UP elections in the recent past have been the most bitterly fought elections. The BJP, despite being led by two Hindutva icons, Modi and Yogi, was nervous to start with and till the results were not out, were not sure of retaining power. Akhilesh Yadav had emerged as a very serious challenger. He drew a huge crowd, the energy that was witnessed in his public rallies was missing in Modi and Yogi’s meetings. Not many were willing to cast their vote in either’s favour. The elections were being considered one that would have a photo-finish. The result could go either way. Though the final result proved that it was not so close. An 8% vote share separated the two in favour of the BJP and the BJP alliance has more than double the seats in the assembly. But the finer points need to be studied carefully.

There is no denying the fact that the upper caste, the harbinger of Hindutva politics, today is more robustly aligned than ever with the BJP. According to CSDS - Lokniti post poll survey, the upper caste consolidation is on an average more than 85% which is a huge number. If 89% Brahmins had voted for the BJP then 87% Rajputs and 83% Vaishya preferred the Hindutva party. Even the other upper caste number is 78%. Before the electoral process began it was speculated that the Brahmins were very upset with the Yogi Government. Though Yogi has taken sanyas and is the Peethadhiswar of Gorakhnath Temple, he was accused of bias towards his caste clan that is Rajputs, and Brahmins felt discriminated against by his administration. The so-called encounter of Brahmin gangster Vikas Dubey had further fuelled the debate. But the data tells a different story.

If the voting behaviour of the Brahmins in two assembly elections that is 2017 and 2022, is compared then it is apparent that despite their anger with the Yogi government 6% more Brahmins voted for the BJP in 2022. It is the same story with Rajputs and Vaishya. This time an additional 17% of Rajputs and 12% of Vaishya have voted for the BJP. Even other Upper castes have also increased their vote share to 78%. This shows that the upper caste despite a rampant price rise, unemployment and the issue of wandering animals/ cattle are more united than ever with the BJP. This proves two things - one, the upper caste believes that the BJP is the only party which can help them carry forward their socio-political-bureaucratic hegemony; this was the class that with the emergence of the mandal politics, felt threatened and insecure. Secondly, this also hints on the premise that five years of the Yogi government has given them the confidence that only the BJP led by Yogi can seek justice from history for them vis a vis Muslims. A large section of the upper caste under the spell of the RSS propaganda believes that Muslims have been their oppressors and the BJP offers them solace.

But, due to historical reasons other than the upper caste, backward castes and Dalits were not enamoured with the concept of Hindu Unity.
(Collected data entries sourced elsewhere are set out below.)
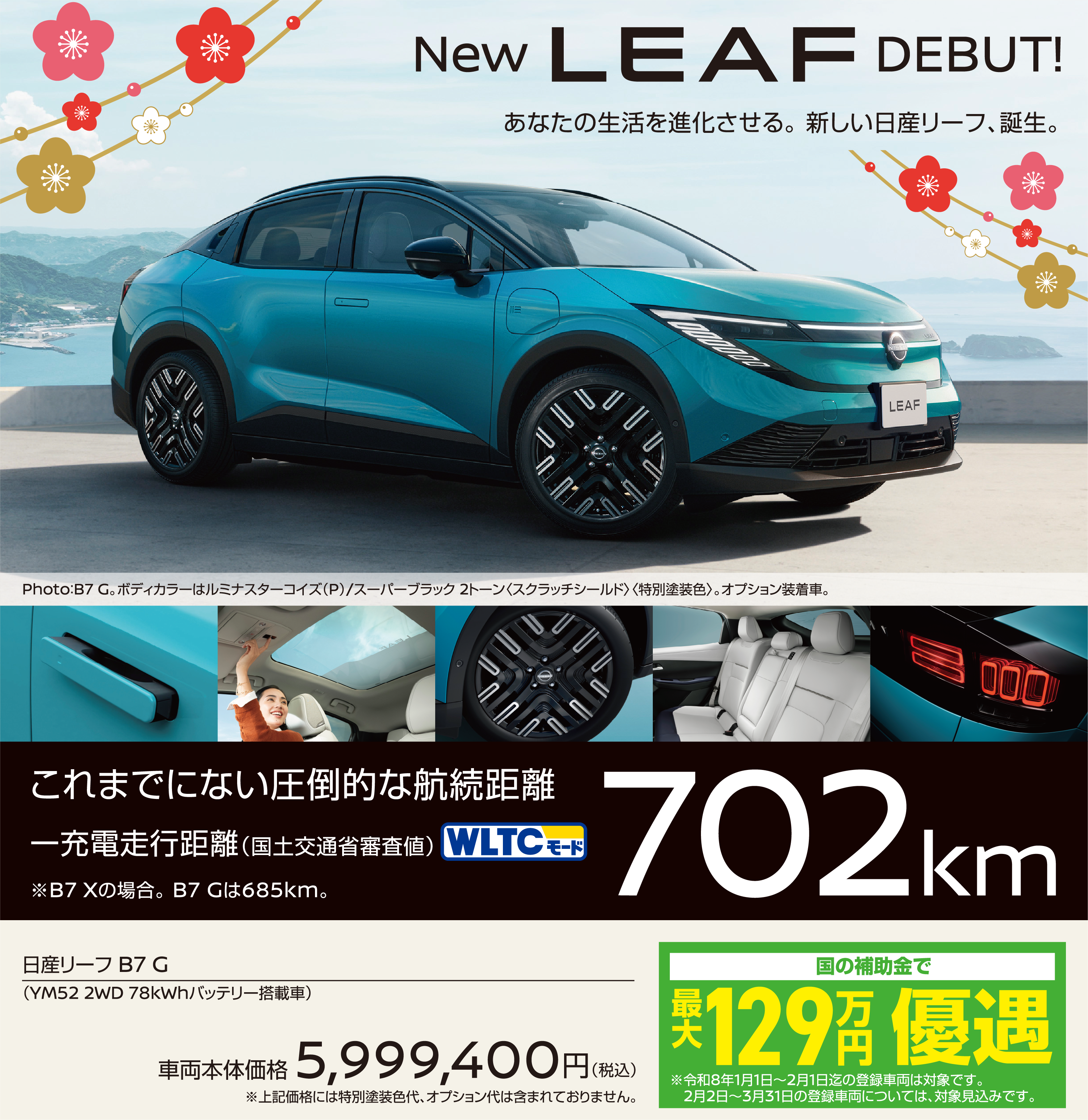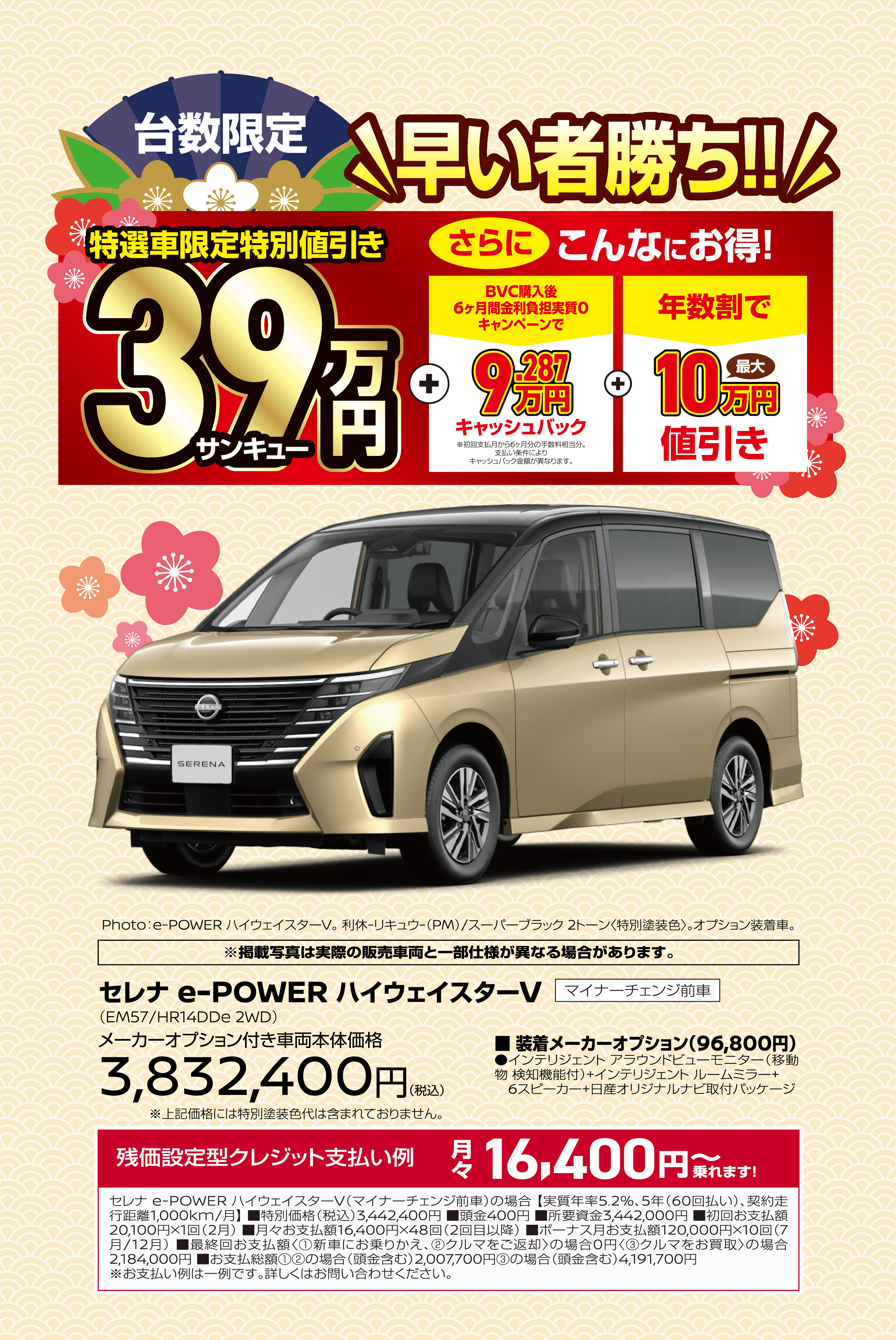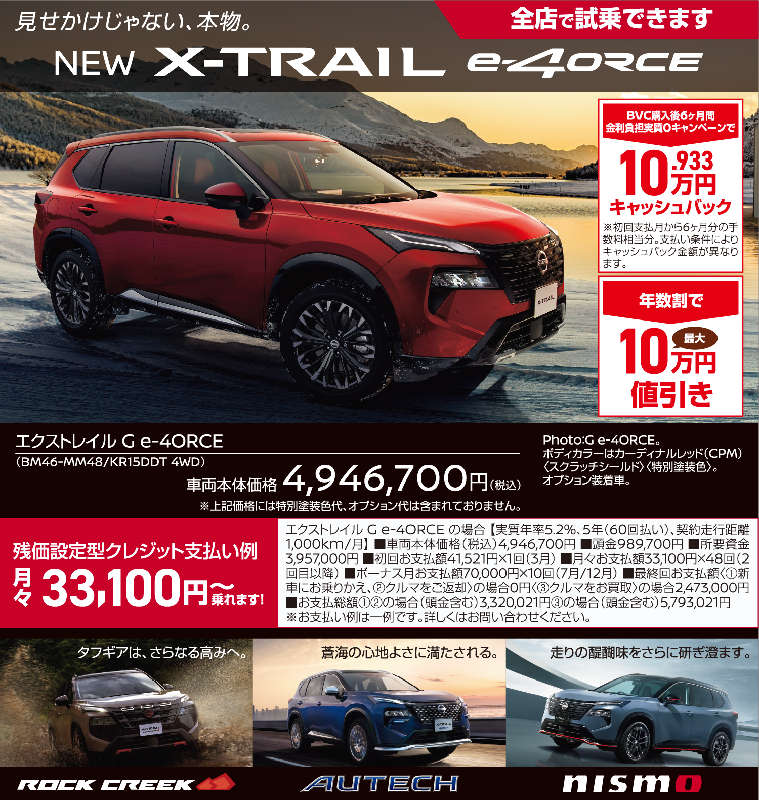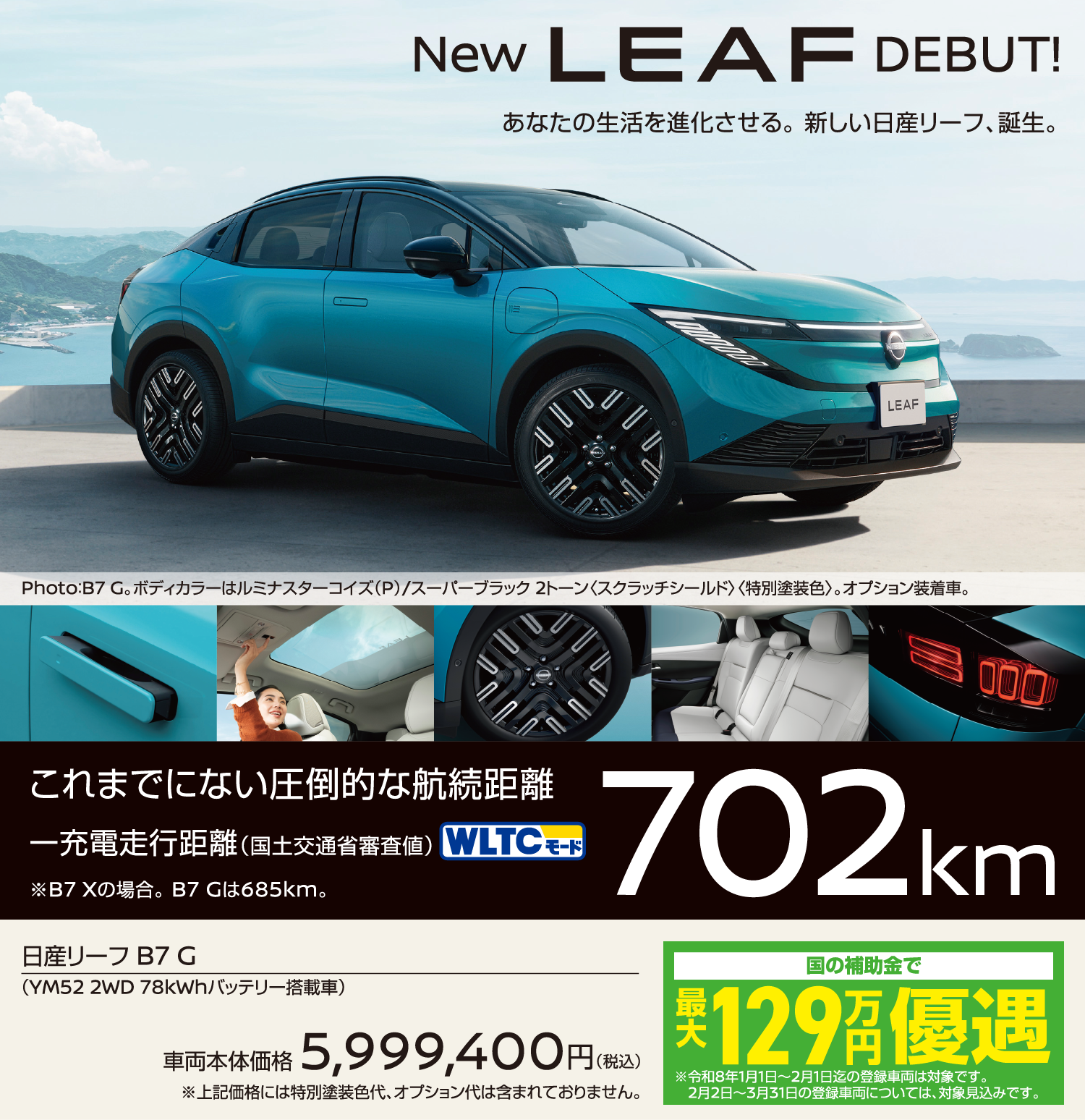 〈残価設定型クレジットについて〉●残価設定型クレジット対象の新車をご成約の方で、㈱日産フィナンシャルサービスをご利用の場合に限らせていただきます。●お支払い回数は3年(36回払い)、4年(48回払い)、5年(60回払い)より、また契約走行距離は1,000km/月、1,500km/月よりそれぞれお選びいただけます。●「日産リーフ」(新車)の場合、お支払い回数は4年(48回払い)、5年(60回払い)、6年(72回払い)よりお選びいただけます。また走行距離は1,000km/月、1,500km/月よりそれぞれお選びいただけますが、6年(72回払い)は1,000km/月のみとなります。●最終回の残価はお支払い回数や契約走行距離により異なります。●本クレジット最終回に新車にお乗りかえ、クルマを返却、クルマをお客さまが買取(残価を現金一括または再クレジットでお支払い)のいずれかをお選びいただけます。なお、車両返却の際、走行距離または内外装減点が「残価保証の条件」に定める基準を超える場合は、査定価格との差額をご負担いただきます。●本クレジットは予告なく終了する場合がございます。あらかじめご了承ください。●お申し込みいただきましても審査の結果お受けできない場合もございます。<価格について>※価格には保険料、税金(消費税を除く)、登録(届出)等に伴う諸費用、リサイル料金、オプション代、特別塗装色代は含まれておりません。別途申し受けます。※表示している価格には消費税が含まれております。※ボディカラー等は実際の色とは異なって見える場合があります。掲載内容は2026年1月9日現在のもので車両等の各情報、内容は予告なく変更または終了する場合があります。詳しくはカーライフアドバイザーにお問い合わせください。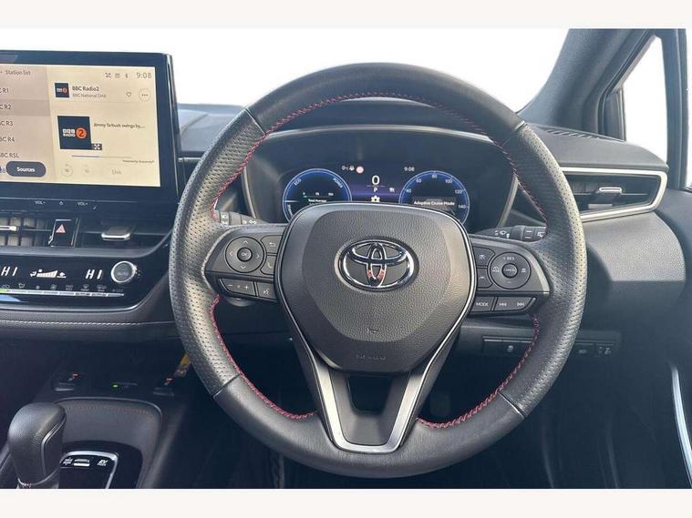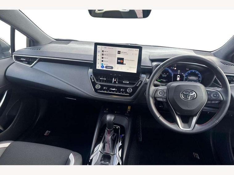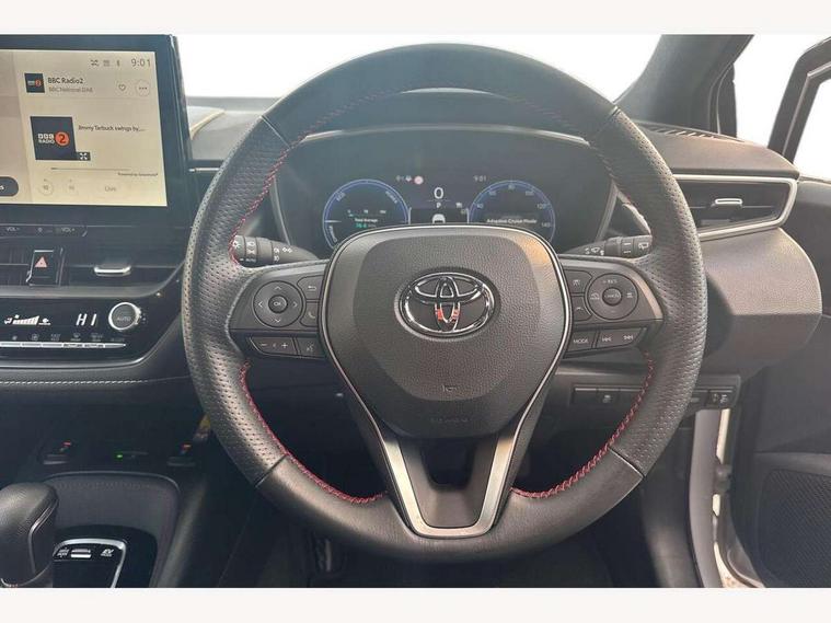 10.5" Multimedia display screen, Bluetooth telephone connectivity, Connected car functionality upgrade, tracker, remote status and e-care, Drive mode select (Eco, Normal), E-call, Electrically assisted power steering, EV drive indicator, Front and rear parking sensors with auto brake, Full Digital 12.3" TFT Digital Combimeter, Key reminder warning, Lane Departure Alert (LDA) switch on steering wheel, Memory on adjustable speed limiter, MyT connected services, Proactive driving assist (PDA), Reversing camera, Smart entry and push button start with GR Logo, Smartphone integration with Apple CarPlay and wired android auto, Tailgate, Toyota remote services, Toyota smart connect navigation, Wireless charger, Gasoline particulate filter, Vehicle Stability Control (VSC), 6 speakers, AM/FM radio, DAB Digital radio, Front USB-C in centre console, Front USB-C in dashboard, Smart voice assist/ Voice recognition, USB and Aux in connectors + 12V front outlet, Anti-jam protection on power windows, Auto up and down function on all power windows, Automatic folding mirrors, Automatic headlights with high beam assist, Black centre and side air vents, Black toyota logo in front, Body coloured bumpers, Body coloured door mirrors, Body coloured outside door handles, Dark chrome lower grille, Electrochromatic mirror, Follow me home headlights, GR Sport dark chrome front mesh grille and black rear grille, GR Sport exclusive under guard, GR sport scuff plates, LED daytime running lights, LED dual beam projector headlights, LED front fog lights, LED High mounted stop light, LED rear combi lights with LED lightguide, Manual headlight levelling system, New grille pattern, Noise reduction layer on windscreen, Piano black diffuser, Power adjustable heated door mirrors, Power front windows, Power rear windows, Privacy glass with UV filter, Rain sensing wipers, Rear side wing doors, Rear window defogger, Rear window wiper, Reverse tilting door mirrors, Rocker and door lower moulding, Roof spoiler, Satin chrome insert on front air vents, Satin chrome insert on front door assist grips, Satin silver front spoiler, Shark fin antenna, Tailgate release with push button, Time adjustment on intermittent wiper, Turning signal integrated indicators in door mirrors, Unique lower skirt, Unique side rocker with black insert, UV-filter on driver and passenger windows, 2 Shopping bag hooks in luggage compartment, 3 rear headrests, 3 seat bench in 2nd row, 3 spoke leather steering wheel with satin insert/red stitching + gear knob, 4 tie down hooks in luggage compartment, 60/40 split folding rear seat, Adaptive cruise control (ACC) switch on steering wheel, Adjustable speed limiter switch on steering wheel, Audio, multimedia and telephone switches on steering wheel, Black armrest on centre console box, Black gear shift console, Boot light, Centre room light, Driver and front passenger personal light, Driver and passenger assist grip, Driver and passenger seatback pockets, Driver and passenger sun visor with mirror and light, Dual zone automatic air conditioning with ECO mode switch, Fabric/synthetic leather upholstery, Front and rear cup and bottle holders, Front door pockets, Front head restraints, Front passenger seat, Front sliding synthetic leather armrest, GR Sports seats with partial leather bolsters, Heated seats, Illuminated entry system in room lamp, ISOFIX seat fixing (2 fixings on rear outer seats), Manual height adjustable for driver and front passenger seat, Manually tilt with sliding driver and front passenger seat, Nanoe-X air purifier, Parcel shelf, Pollen filter, Power window switches with satin chrome inserts, Rear armrest with 2 cupholders, Rear passenger coat hooks (2), Red stitching on gear shift, Remote air conditioning, Satin chrome inside door handles, Satin chrome surround on speedometer, Sliding armrest on centre console box, Slow opening glovebox with lights, Textile floor mats, Tilt/telescopic steering column, Voice recognition switch on steering wheel, Whiplash Injury Lessening (WIL) feature (active headrest) for seats, White ambient lighting on open tray and front cup holder, Toyota safety sense 3 pack - Corolla, 3x3 point rear seatbelts, Adjustable driver and front passenger seat belt extender to top anchor point, Anti lock braking system + Electronic brake force distribution, Brake assist function, Child locks on rear doors, Downhill Assist Control (DAC), Electronic parking brake, Emergency brake light signal (EBS), Front passenger airbag on/off switch, Front seatbelt reminder, HAC - Hill start assist control, Rear seat belt reminder, Seatbelt pretensioners and force limiters, Supplemental restraint system (SRS) 7 airbags - dual driver, dual side curtain, side impact and driver knee airbags, Traction control, Tyre pressure warning system, Acoustic vehicle alert system (AVAS), Alarm with motion sensor and immobilizer, Power passenger window lock, Remote central locking + deadlocks, GR Sport interior styling with accents and exterior styling, Satin chrome dash trim, Soft touch texture on upper dashboard, Stitching on lower dashboard, 18" Black machined face 10 spoke alloy wheels, Tyre repair kit, Unique wheel finish with red wheel cap,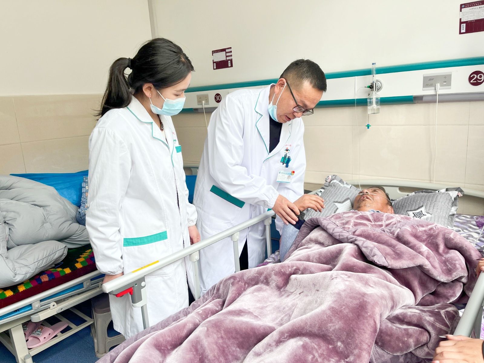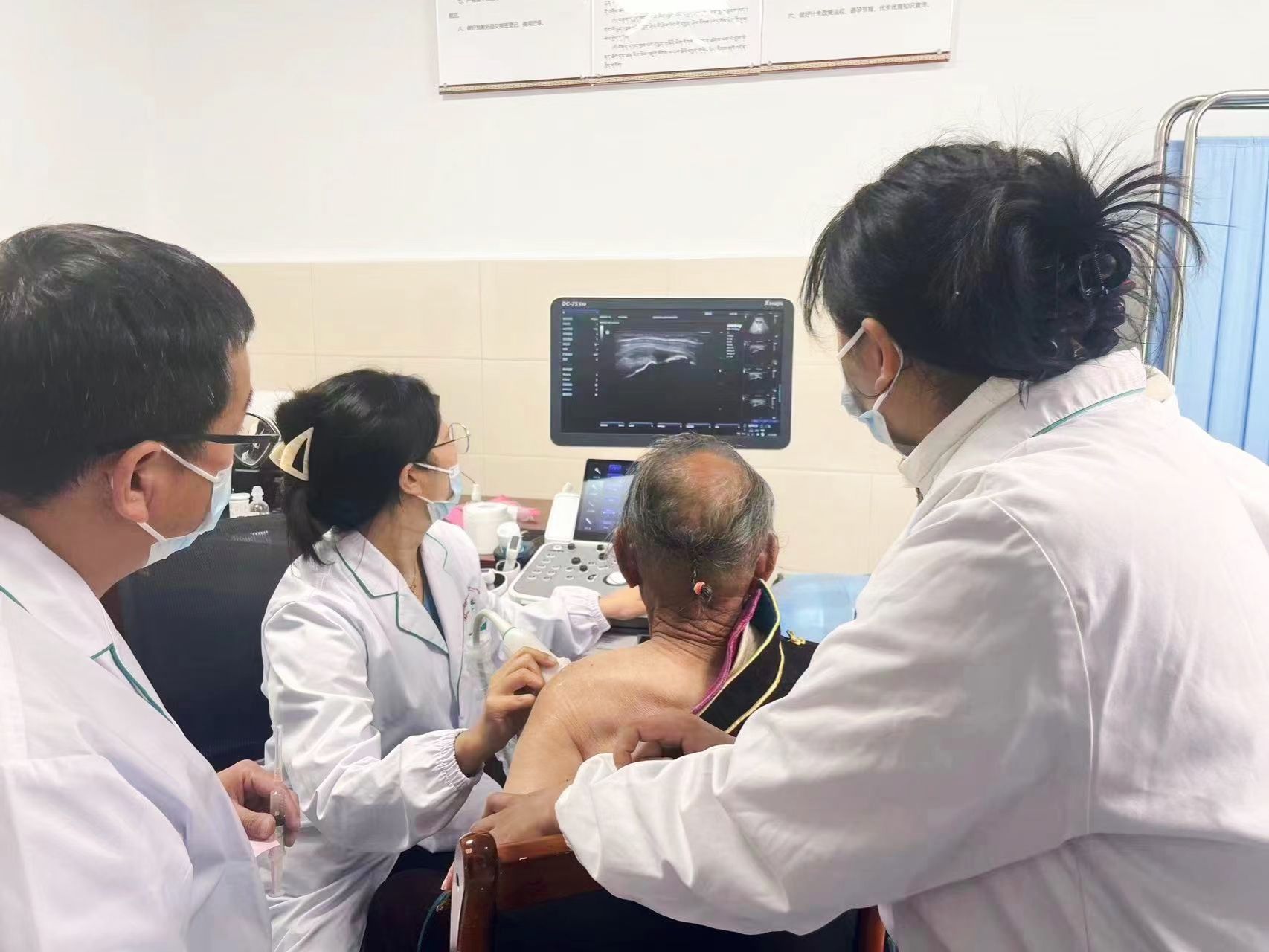 陈瑞全、吴晓倩不仅仅注重技术的传授,更重视临床思维的构建和医德的传递,他们以身作则,用自己的行动诠释了援藏医生的责任意识,授人以鱼不如授人以渔,“输血”式的援助虽能解一时之急,但“造血”功能的培育是长远之计。入驻洛扎县藏医院后,当地医院举行了援藏专家见面会与“师带徒”拜师仪式。自带徒以来,两位队员通过每周的业务讲座、门诊带教和教学查房等方式,积极与藏医同行们沟通交流,为当地医疗力量积极“造血”,每周轮流开展业务讲座,围绕藏区群众常见病多发病,如急慢性疼痛、心脑血管病等的系统总结。教学相长,通过共同学习和经验交流,激发了藏医同行的学习热情,拓展他们的思路和视野。在资源有限的环境下,门诊带教和教学查房成为了帮助藏区医生拓宽诊断思路、提升临床技能、连接临床理论和实践的关键环节。藏医院检验项目受限,缺少MRI、CTA等检查设备,陈瑞全、吴晓倩充分利用现有条件,围绕问诊、查体、读片和诊断性治疗,积极开展教学活动。陈瑞全从患者主诉出发,确认病史及发展细节,结合体格检查和影像读片,边看诊边示范教学,藏医同行们从中多受启发。吴晓倩利用自己所学,应临床需要,带领藏医院同行开展肌骨神经超声,填补了该地区这一技术的空白。两位医生结合当地医院情况,积极开展多学科合作的新型医疗项目,如肌骨超声在关节疼痛中的应用、超声引导下疼痛注射、脑血管病的早期康复、神经源性膀胱的评定和康复等。

In fact, within the civilisational milieu they feel discriminated against by the upper caste and after independence, even in the democratic set up were denied their share in the power. Ram Manohar Lohia and Baba Saheb Ambedkar were on the forefront to demand their participation in the power structure according to their numerical strength. But it was the implementation of 27% reservation in government jobs by V.P.Singh, which proved to be the turning point. It unleashed a new energy; Mandal politics took a definite shape, particularly in UP and Bihar. This blunted the sharpness of Kamandal politics. The BJP, before the emergence of Modi was a marginal force in UP for years, almost eclipsed OBC and Dalit politics by creating fissures in them. Yadavs and Jatavs were targeted and attempts made to create a polarisation on the line of Hindu Muslim binary between Yadavs and other than Yadavs and Jatavs and other Dalits. This helped the BJP reap rich dividends. After having been upstaged from the power structure for a long time, a new imagination got proponents of mandal politics thinking which led them to a new assertion.

In 2017, BJP leader Keshav Prasad Maurya, a backward leader, was denied his legitimate claim to the Chief Minister seat, and the ill treatment meted out to him later during the Yogi government, hastened the process. The accusation of ‘thakurvad’ on Yogi added salt to the wound. Modi sensed this and that is why he tried to replace Yogi with a new leader. After failing to do so he worked on the contingency plan. Modi performed a massive cabinet reshuffle. Out of 43 new ministers who took oath, 14 were OBCs and 9 Dalits. It was widely publicised that over all 27 OBCs and 12 Dalits were given representation in the cabinet. Even Yogi was also asked to rejig his cabinet. He added 7 new ministers out of which 3 were from the backward community, 2 Dalits and 1 from tribal community.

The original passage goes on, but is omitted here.